U.S. Customs and Border Protection began operating an immigration checkpoint on Interstate 93 in Woodstock on Sunday. The checkpoint ran until noon Tuesday.
There were a total of 17 arrests of "people who did not have legal immigration status," the agency said. Those arrested were from countries including Brazil, Columbia, El Salvador, Guatemala, Indonesia, Korea, Mexico, Montenegro, Ukraine and Uzbekistan, according to CBP.
"Checkpoint operations are a critical enforcement tool for the enforcement of our immigration laws and are a part of our defense in depth strategy," Swanton Sector Acting Chief Patrol Agent Robert Garcia said in a statement Tuesday. "In addition to technology, manpower and intelligence, checkpoints help to deny access to major routes of egress away from the border and into our communities in the interior of the U.S."
Thomas Labore said he was returning from a camping trip when he went through the checkpoint.
"All they did was, we rolled down the window and they just said, 'Hello folks, are you U.S. citizens?' And we said 'yes' and they just tell you to go."
Labore says he also saw officers patrolling with dogs.
“When we were in traffic in the beginning, there was an officer walking up and down the traffic, kind of looking in the ditches and on the sides of the roads,” Labore said. “And then as we got closer, they walked a dog up and down the sides of the cars.”

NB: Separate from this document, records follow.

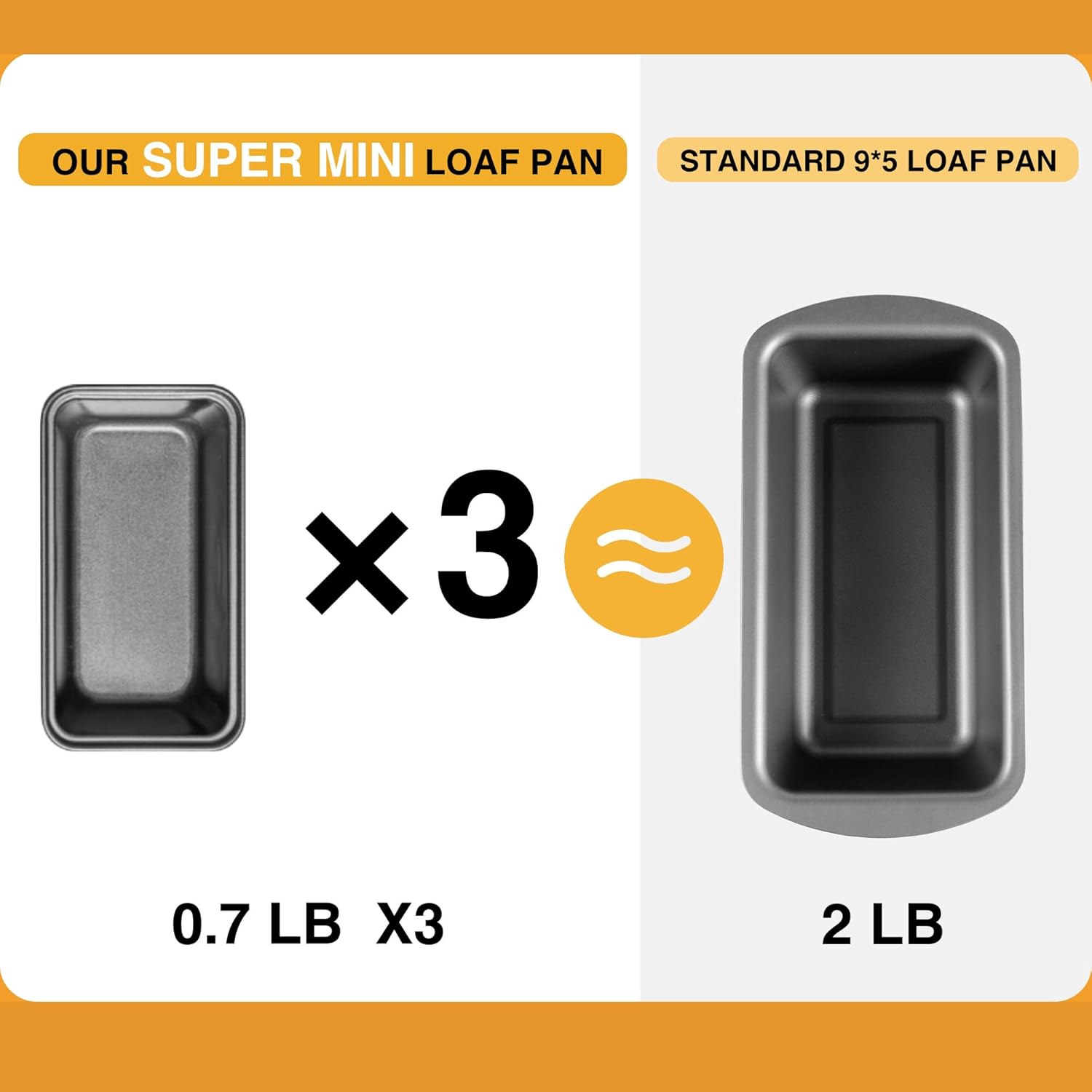 - ALL-INCLUSIVE SET - Our super mini bread pan comes with 3 personal external sizes (6*3.3*2in) and Internal sizes (5.75*3*2in) nonstick bread pans to make multiple pieces of bread at once. In addition, this small loaf pan set is compatible for use with pressure cookers, ovens, and air fryers
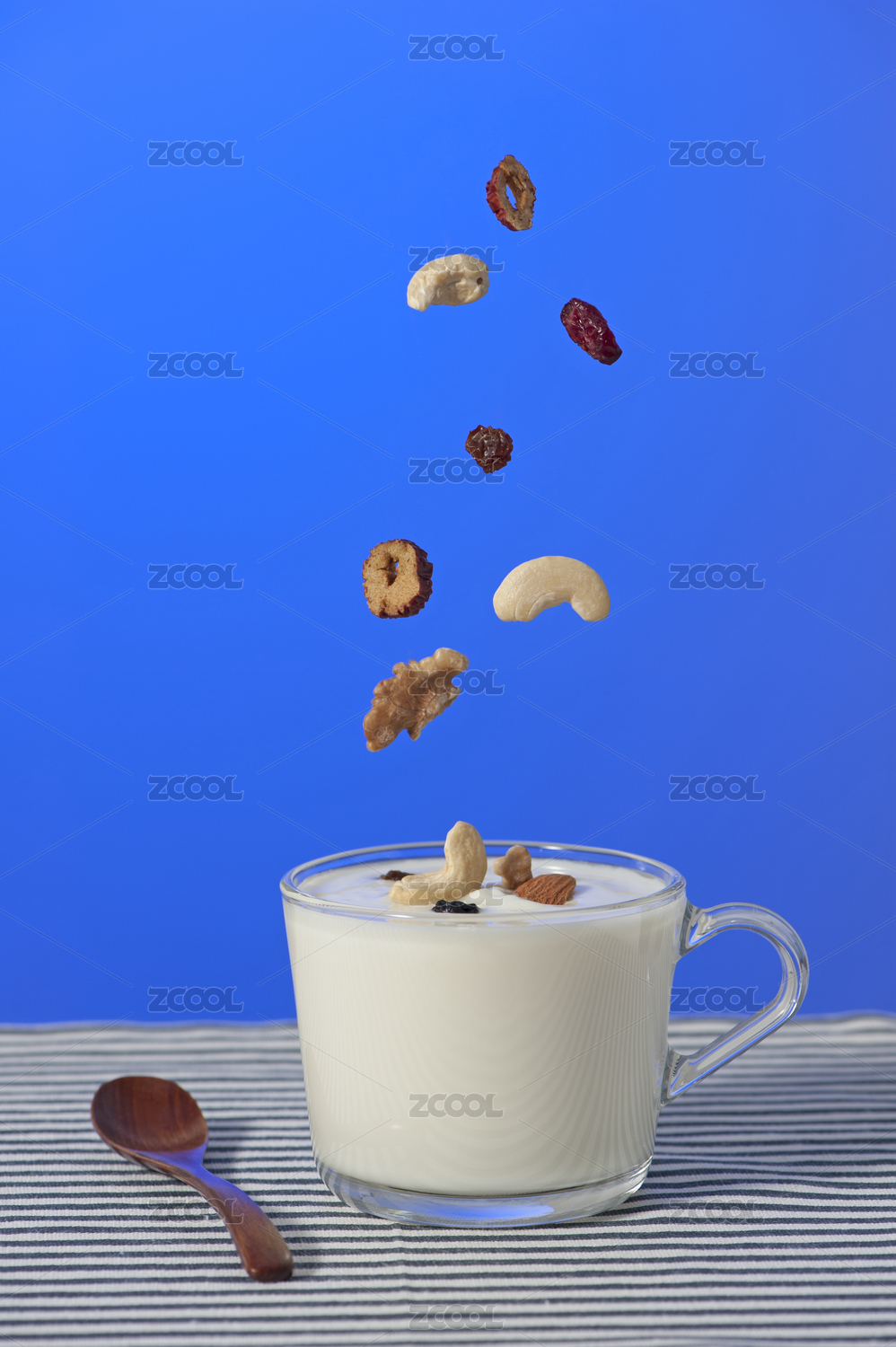 手里拿着的不同角度的酸奶牛奶泡坚果果干
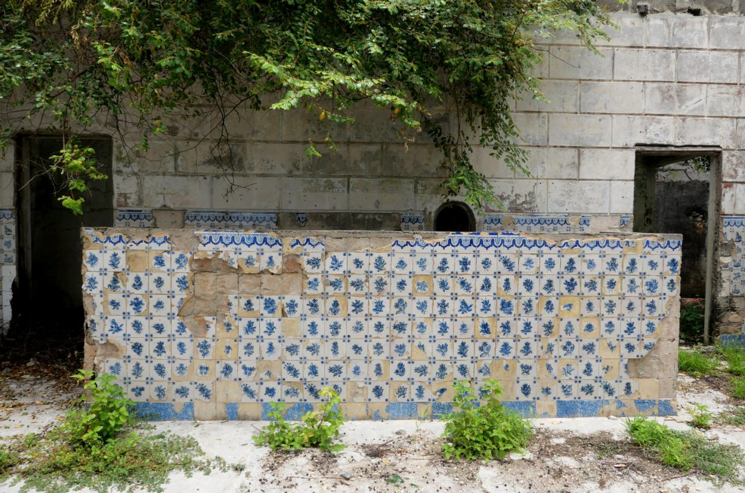 Nur wenige Schritte vom Clube Naval entfernt stoßen wir hinter der traurigen Uferpromenade auf die Ruine eines Gebäudes, das ein Hotel mit Bar gewesen sein muss. Der Thekenbereich mit den lädierten Azulejos ist noch immer auf seine Art einnehmend:
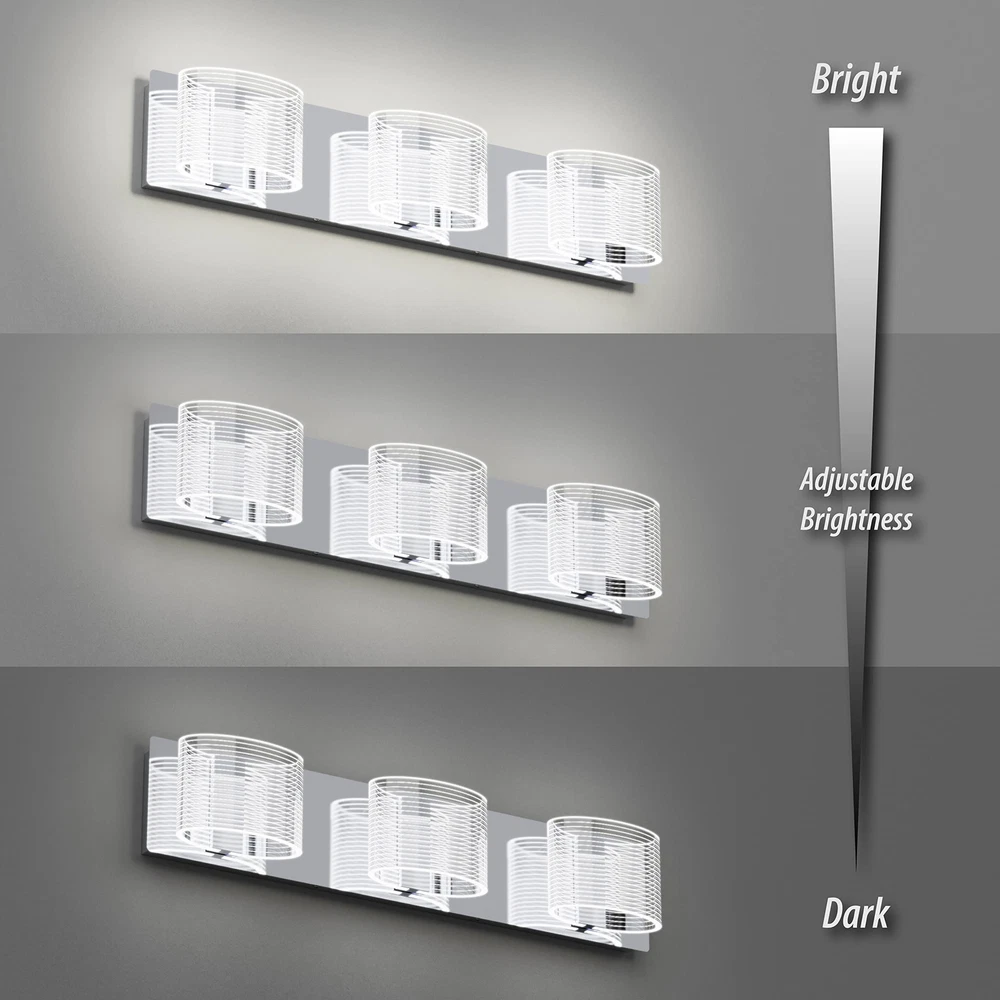 3 Light LED Bathroom Lighting Fixtures Over Mirror 24 inch, Chrome Finish Dim...

A CBP spokesperson confirmed the canine patrol in a statement and clarified that neither Woodstock law enforcement nor New Hampshire State Police were involved in the operation.
“Canines are being utilized as they are a key asset at checkpoints to identify instances of human smuggling,” the spokesperson said. “CBP canines are dual trained on the scents of both concealed humans and narcotics.”
CBP said Border Patrol agents also seized a small amount of marijuana, hash oil and THC vape oil.
During a checkpoint last year in the same area, the use of drug-sniffing dogs led to drug-possession charges for several U.S. citizens.
But earlier this month, a New Hampshire judge ruled that evidence obtained during those warrantless searches was not admissible in state courts.